Aim of the exercise » Starting at the line where "IVR模式是最常見的一種模式" occurs, reproduce each line through the end of the entries below exactly. Omit every picture.

Information »
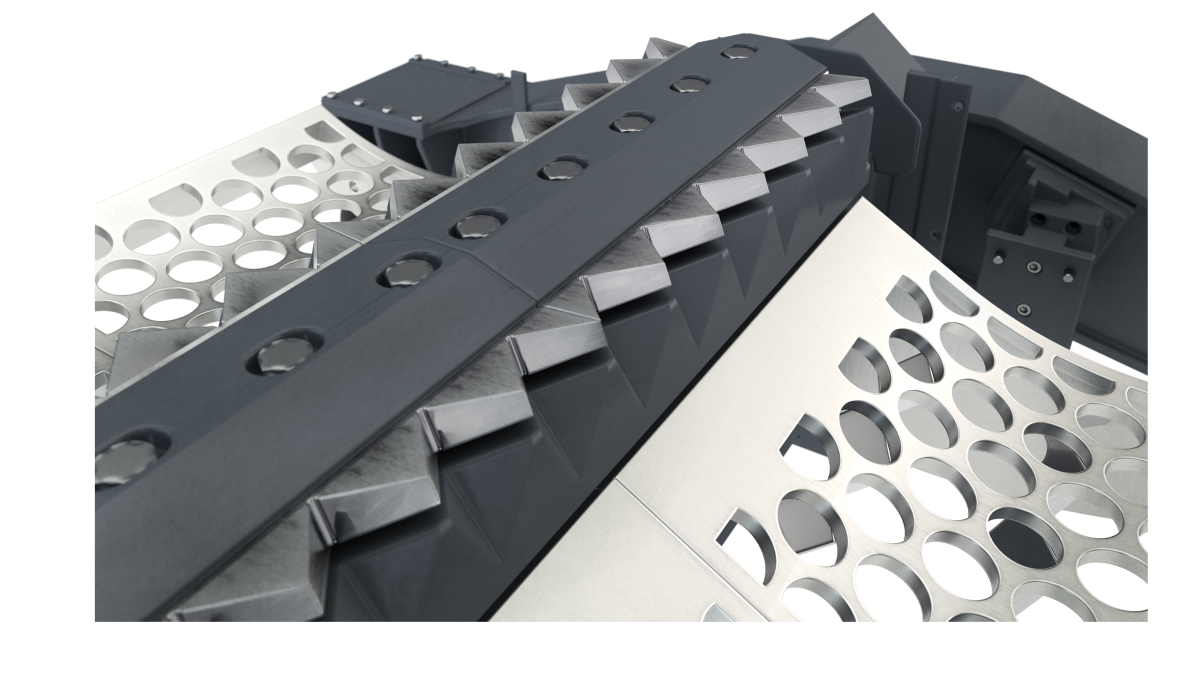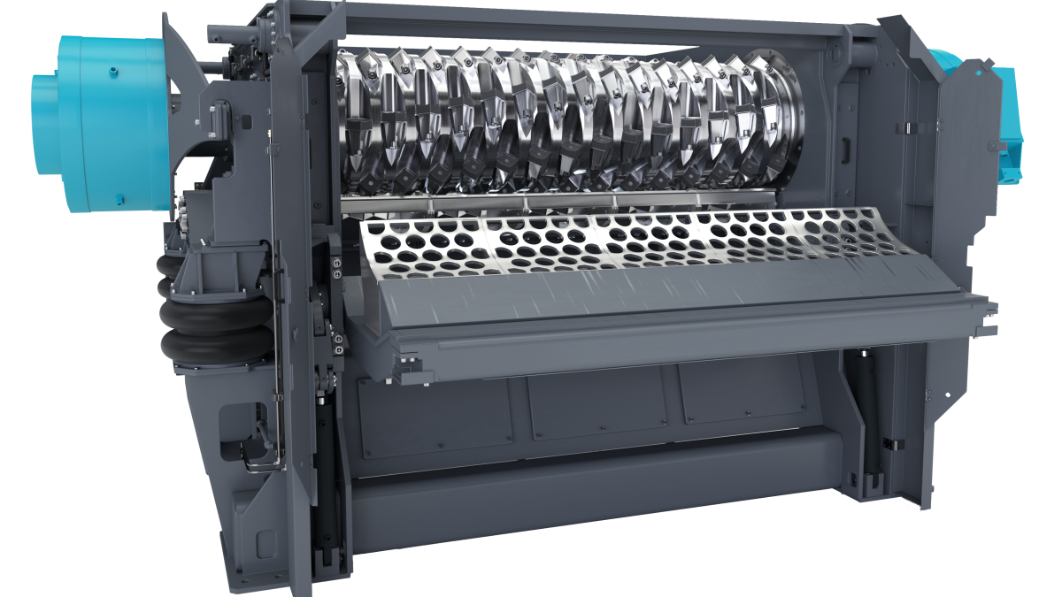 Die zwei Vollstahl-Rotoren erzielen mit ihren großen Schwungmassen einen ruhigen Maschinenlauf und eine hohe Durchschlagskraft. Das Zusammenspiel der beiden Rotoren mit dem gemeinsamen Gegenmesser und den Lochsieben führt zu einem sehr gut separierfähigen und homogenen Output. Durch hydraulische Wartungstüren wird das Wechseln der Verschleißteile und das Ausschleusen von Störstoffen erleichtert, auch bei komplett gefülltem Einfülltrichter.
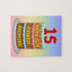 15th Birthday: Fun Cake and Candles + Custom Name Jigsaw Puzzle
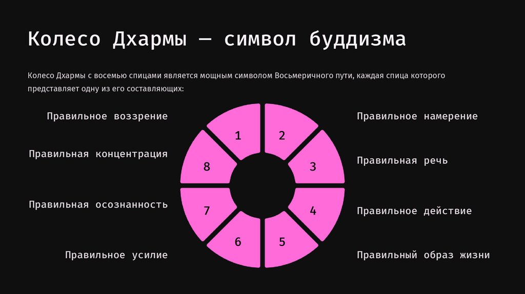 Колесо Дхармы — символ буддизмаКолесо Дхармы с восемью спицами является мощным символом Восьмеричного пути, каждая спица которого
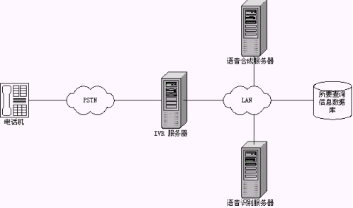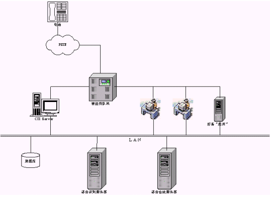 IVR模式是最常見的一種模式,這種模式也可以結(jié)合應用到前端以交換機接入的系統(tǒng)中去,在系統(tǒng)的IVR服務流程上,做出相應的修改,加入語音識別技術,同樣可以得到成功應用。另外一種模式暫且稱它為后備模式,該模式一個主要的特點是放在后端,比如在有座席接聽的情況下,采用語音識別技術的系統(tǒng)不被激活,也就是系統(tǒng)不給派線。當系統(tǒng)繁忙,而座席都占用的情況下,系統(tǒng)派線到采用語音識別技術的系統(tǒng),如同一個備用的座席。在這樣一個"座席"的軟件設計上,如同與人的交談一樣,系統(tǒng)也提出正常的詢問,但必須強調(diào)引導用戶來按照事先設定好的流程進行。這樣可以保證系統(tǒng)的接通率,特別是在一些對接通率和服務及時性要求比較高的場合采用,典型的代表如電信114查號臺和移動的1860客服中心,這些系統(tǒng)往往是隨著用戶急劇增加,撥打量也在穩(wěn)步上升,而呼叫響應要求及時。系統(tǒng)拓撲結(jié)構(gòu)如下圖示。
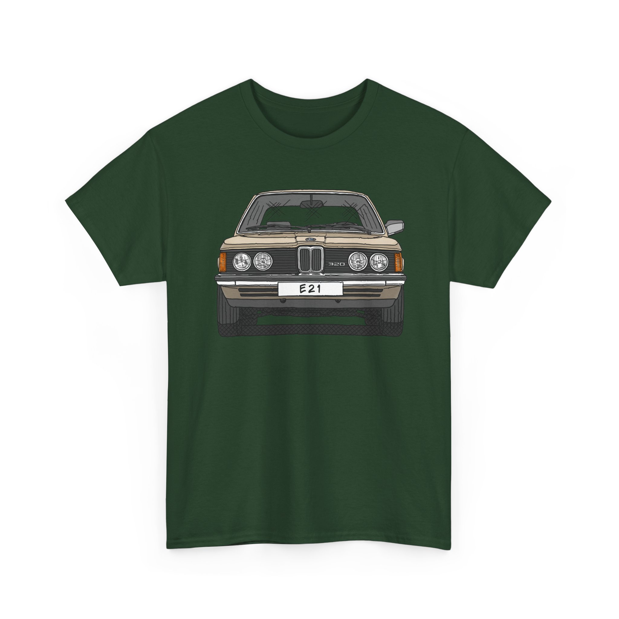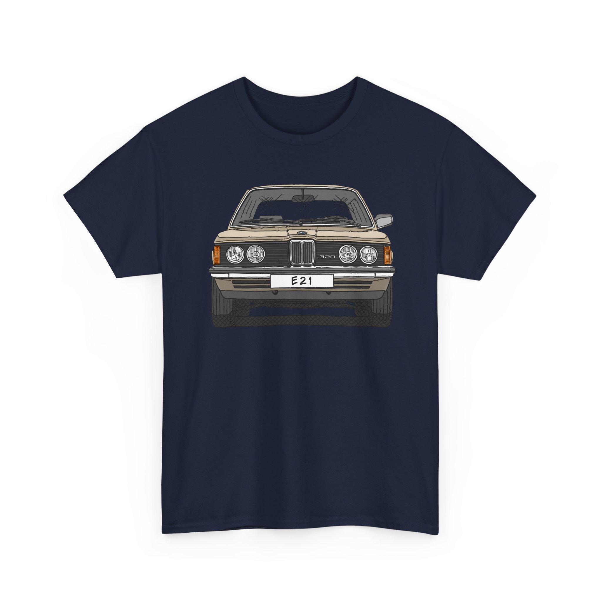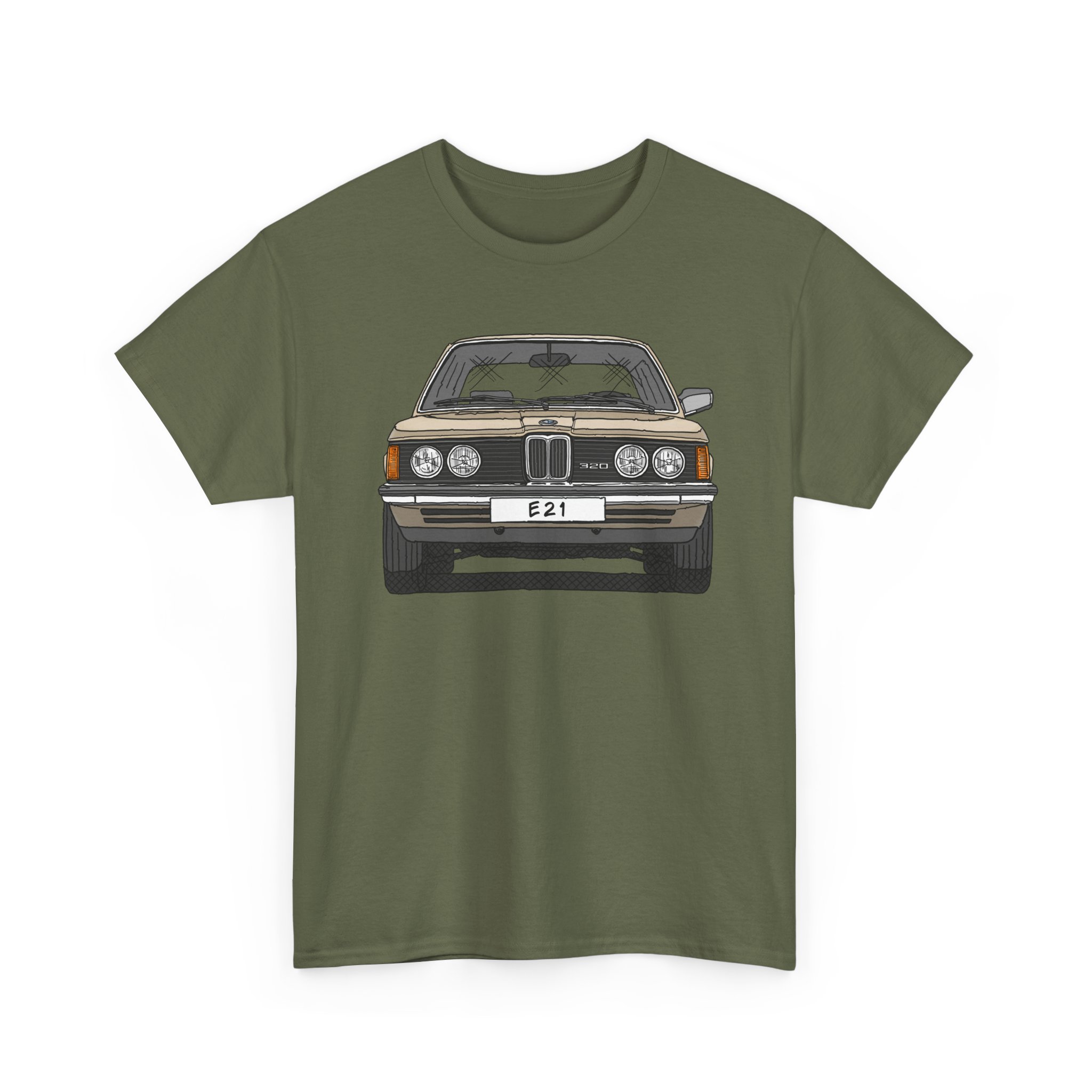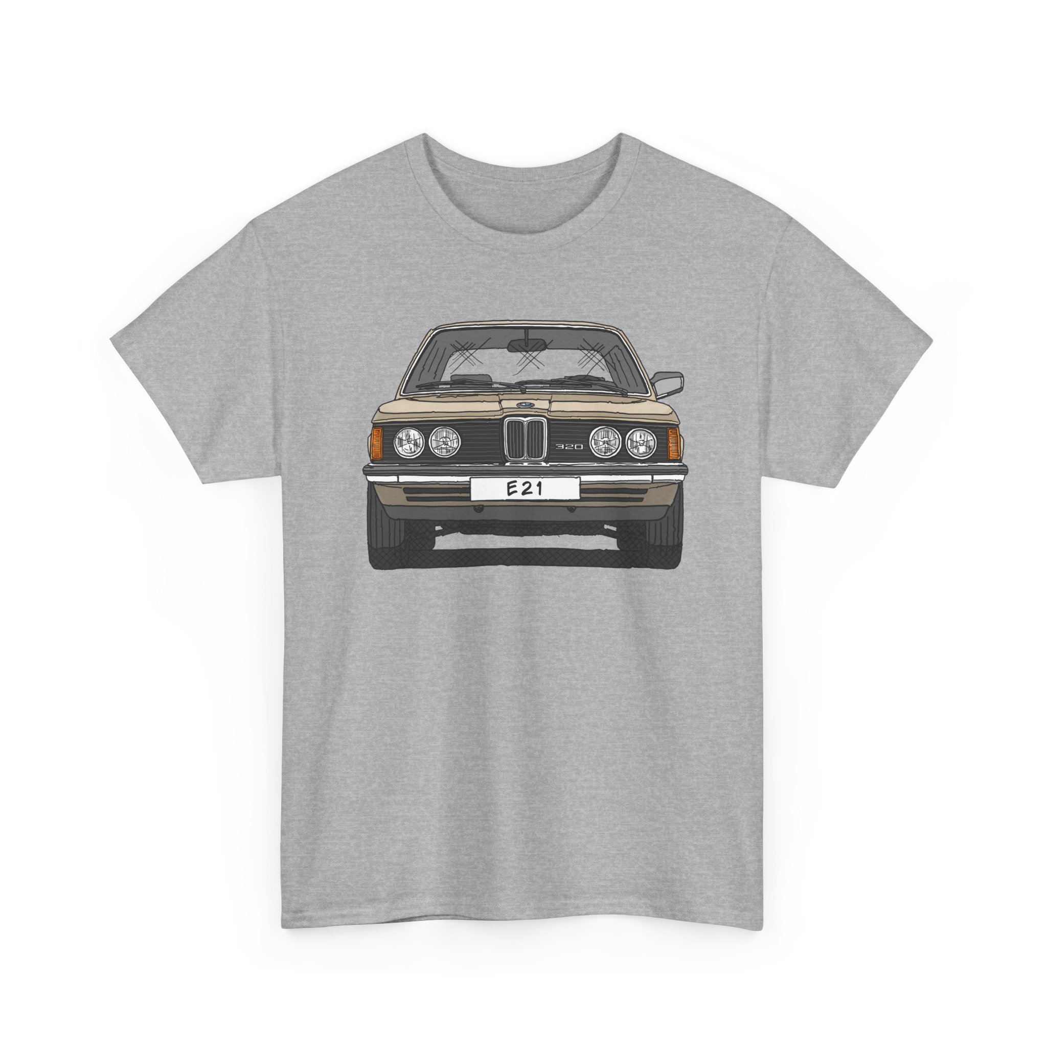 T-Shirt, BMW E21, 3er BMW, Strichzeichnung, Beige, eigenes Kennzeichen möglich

Solution to this task »
 IVR模式是最常見的一種模式,這種模式也可以結(jié)合應用到前端以交換機接入的系統(tǒng)中去,在系統(tǒng)的IVR服務流程上,做出相應的修改,加入語音識別技術,同樣可以得到成功應用。另外一種模式暫且稱它為后備模式,該模式一個主要的特點是放在后端,比如在有座席接聽的情況下,采用語音識別技術的系統(tǒng)不被激活,也就是系統(tǒng)不給派線。當系統(tǒng)繁忙,而座席都占用的情況下,系統(tǒng)派線到采用語音識別技術的系統(tǒng),如同一個備用的座席。在這樣一個"座席"的軟件設計上,如同與人的交談一樣,系統(tǒng)也提出正常的詢問,但必須強調(diào)引導用戶來按照事先設定好的流程進行。這樣可以保證系統(tǒng)的接通率,特別是在一些對接通率和服務及時性要求比較高的場合采用,典型的代表如電信114查號臺和移動的1860客服中心,這些系統(tǒng)往往是隨著用戶急劇增加,撥打量也在穩(wěn)步上升,而呼叫響應要求及時。系統(tǒng)拓撲結(jié)構(gòu)如下圖示。
 T-Shirt, BMW E21, 3er BMW, Strichzeichnung, Beige, eigenes Kennzeichen möglich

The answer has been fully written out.